● Given data
- - -

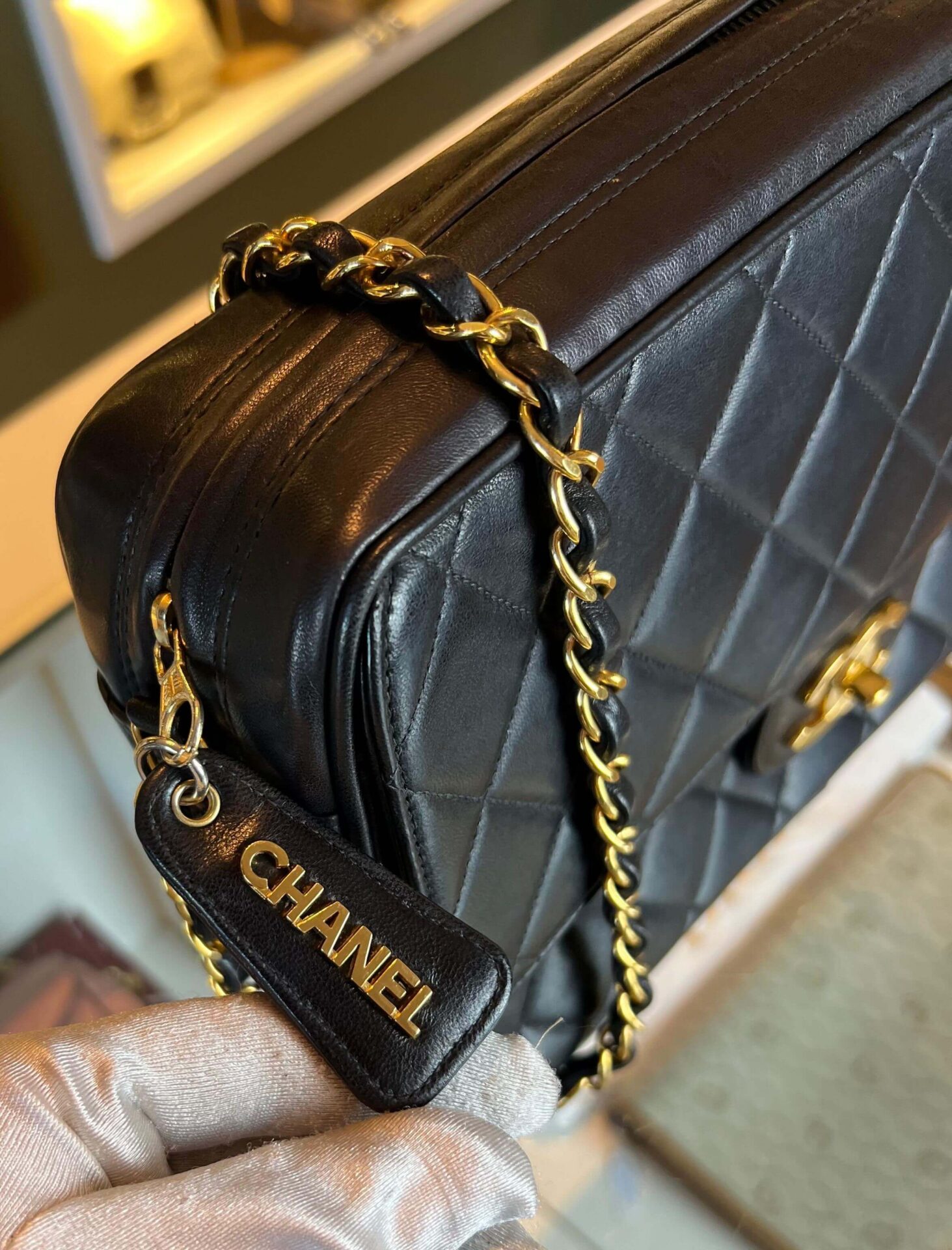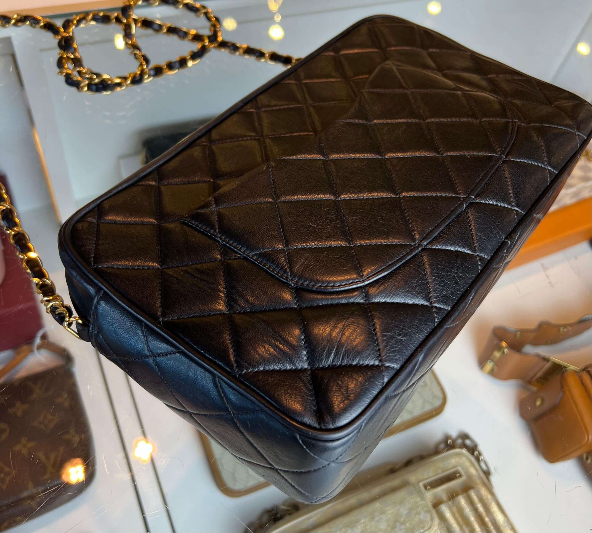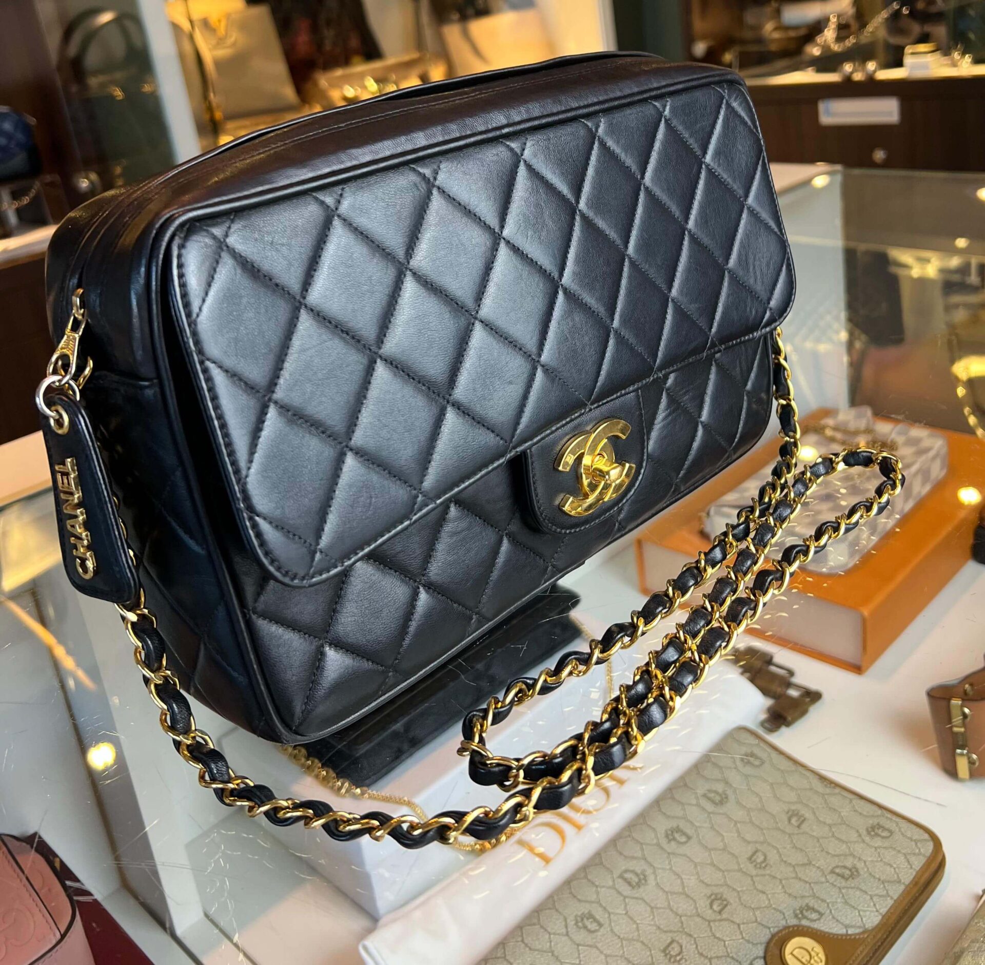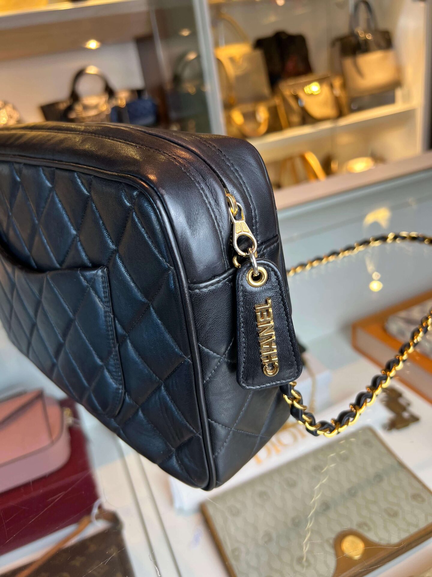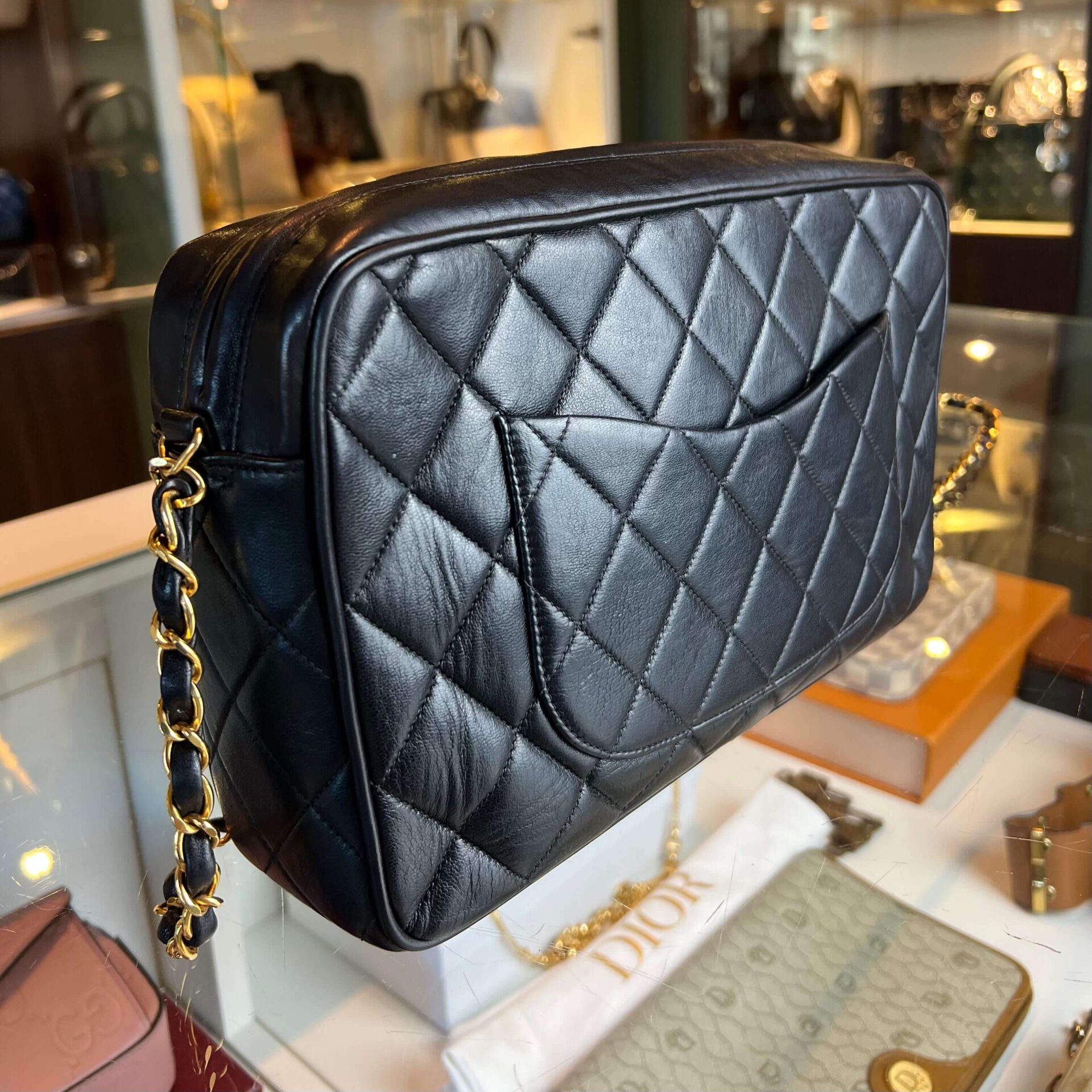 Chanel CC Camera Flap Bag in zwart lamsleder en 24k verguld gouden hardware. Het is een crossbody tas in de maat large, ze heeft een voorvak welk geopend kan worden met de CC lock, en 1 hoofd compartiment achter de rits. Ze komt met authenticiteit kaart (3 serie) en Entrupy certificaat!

- - -

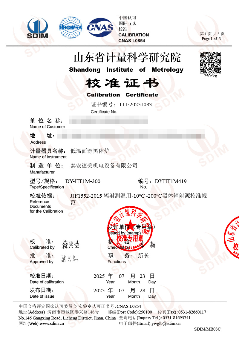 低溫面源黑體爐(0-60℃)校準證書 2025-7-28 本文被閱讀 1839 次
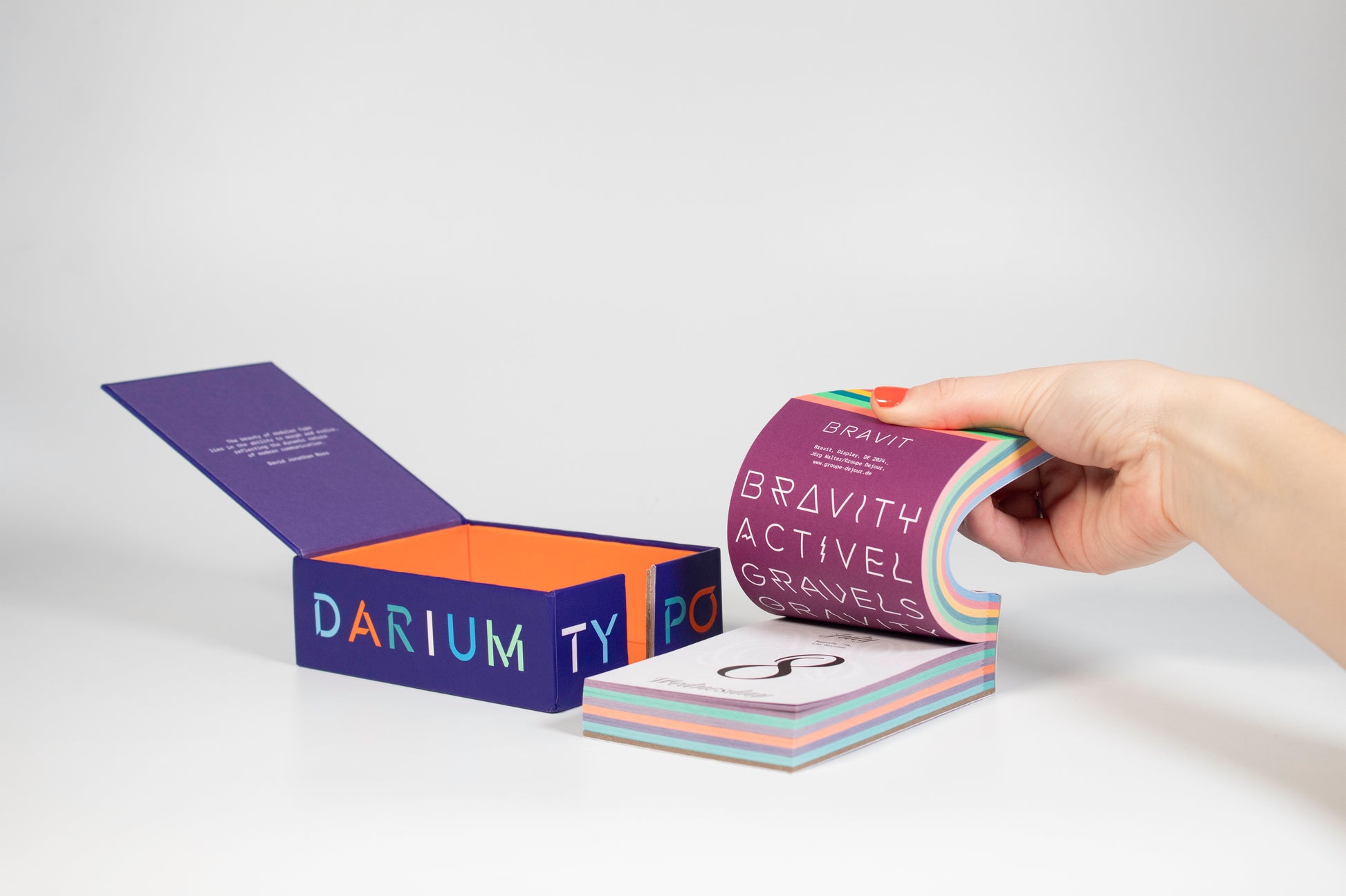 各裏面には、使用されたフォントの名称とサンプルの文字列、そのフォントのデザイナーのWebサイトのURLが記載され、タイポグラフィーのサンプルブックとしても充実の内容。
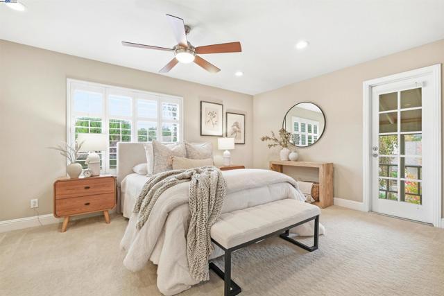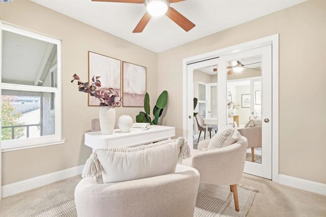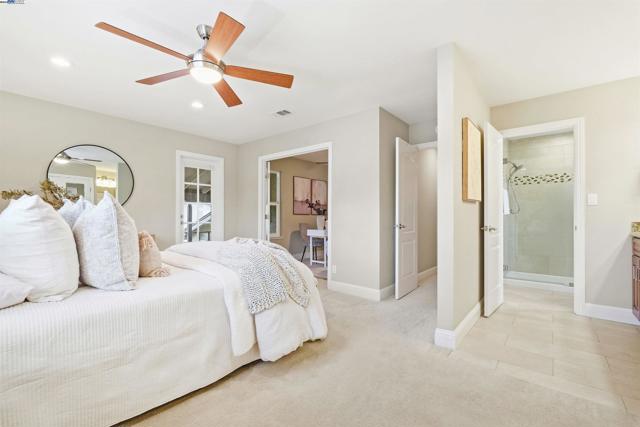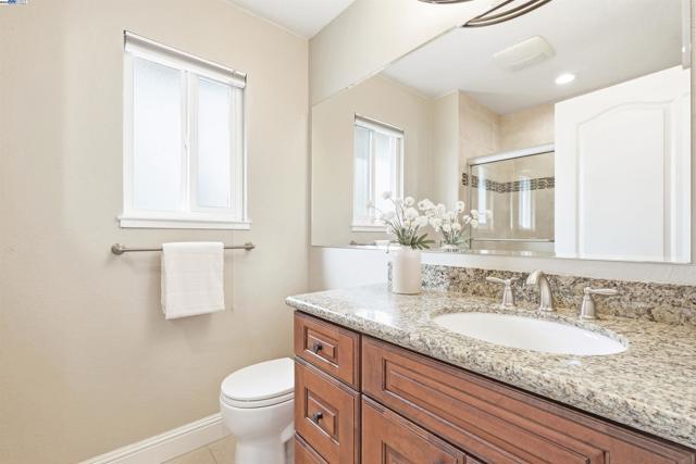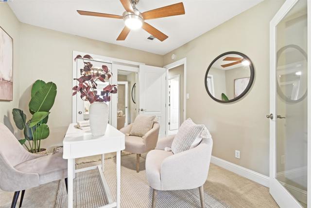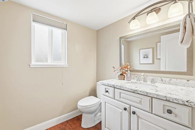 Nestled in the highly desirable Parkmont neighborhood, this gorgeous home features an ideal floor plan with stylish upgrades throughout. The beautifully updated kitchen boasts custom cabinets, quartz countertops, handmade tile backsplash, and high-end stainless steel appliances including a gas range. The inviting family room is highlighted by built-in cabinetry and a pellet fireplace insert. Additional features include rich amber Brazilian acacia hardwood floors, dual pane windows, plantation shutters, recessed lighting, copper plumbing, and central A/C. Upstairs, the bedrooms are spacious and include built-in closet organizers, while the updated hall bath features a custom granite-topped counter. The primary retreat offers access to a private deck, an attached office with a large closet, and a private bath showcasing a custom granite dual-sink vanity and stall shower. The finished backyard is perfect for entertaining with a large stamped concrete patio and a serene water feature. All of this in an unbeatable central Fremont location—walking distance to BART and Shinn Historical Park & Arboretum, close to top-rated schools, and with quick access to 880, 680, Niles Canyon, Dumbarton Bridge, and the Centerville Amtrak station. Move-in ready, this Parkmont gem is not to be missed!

- - -

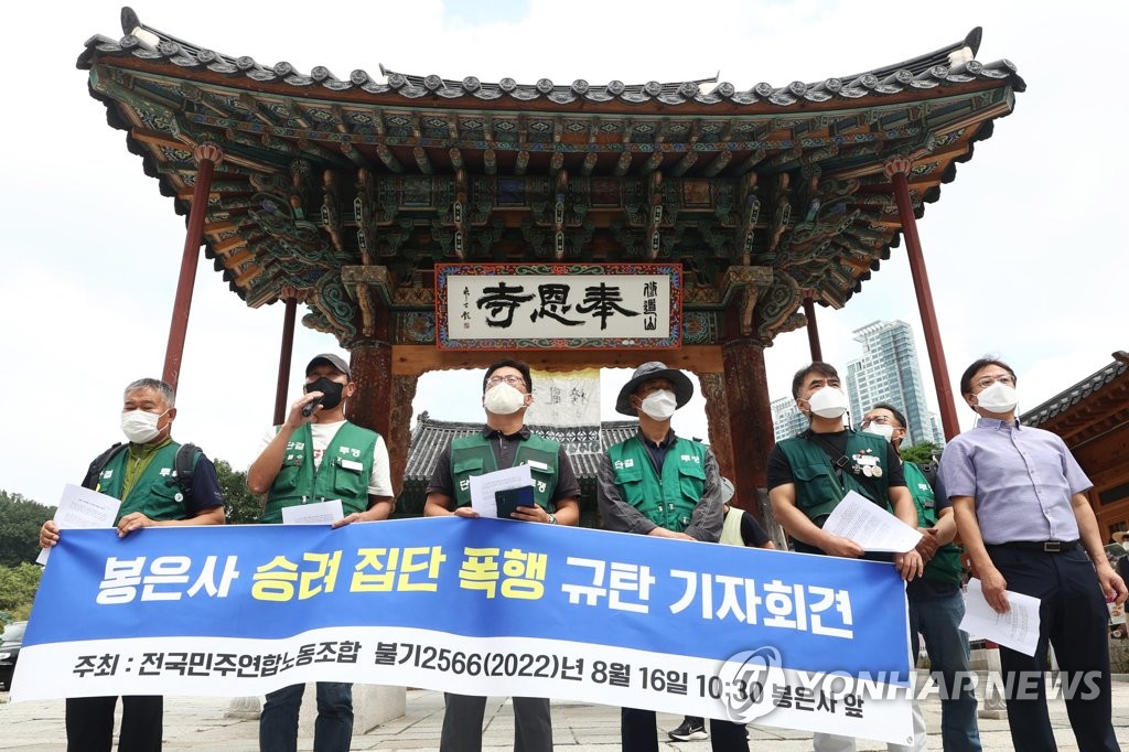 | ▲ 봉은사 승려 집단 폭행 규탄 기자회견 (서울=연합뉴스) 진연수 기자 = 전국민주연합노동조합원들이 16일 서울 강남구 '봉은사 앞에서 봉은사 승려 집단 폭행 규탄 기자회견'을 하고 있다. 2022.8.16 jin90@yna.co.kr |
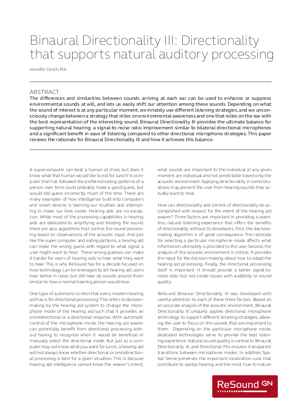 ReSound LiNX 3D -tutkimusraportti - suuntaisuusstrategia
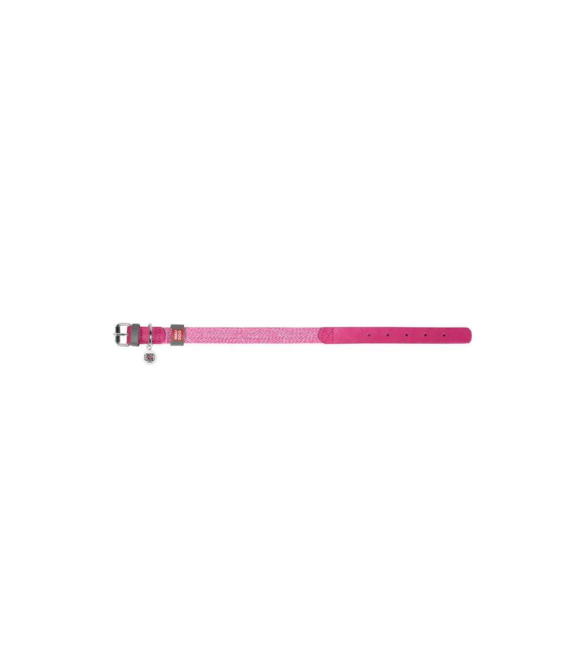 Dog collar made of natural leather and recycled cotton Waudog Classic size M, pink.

- - -

● Work to be completed
In the listing above, find the line containing "2022.8.16 jin90@yna.co.kr |" and the line containing "Dog collar made". Reproduce those lines and all between them exactly, with no pictures and nothing more.

● Written answer
 | ▲ 봉은사 승려 집단 폭행 규탄 기자회견 (서울=연합뉴스) 진연수 기자 = 전국민주연합노동조합원들이 16일 서울 강남구 '봉은사 앞에서 봉은사 승려 집단 폭행 규탄 기자회견'을 하고 있다. 2022.8.16 jin90@yna.co.kr |
 ReSound LiNX 3D -tutkimusraportti - suuntaisuusstrategia
 Dog collar made of natural leather and recycled cotton Waudog Classic size M, pink.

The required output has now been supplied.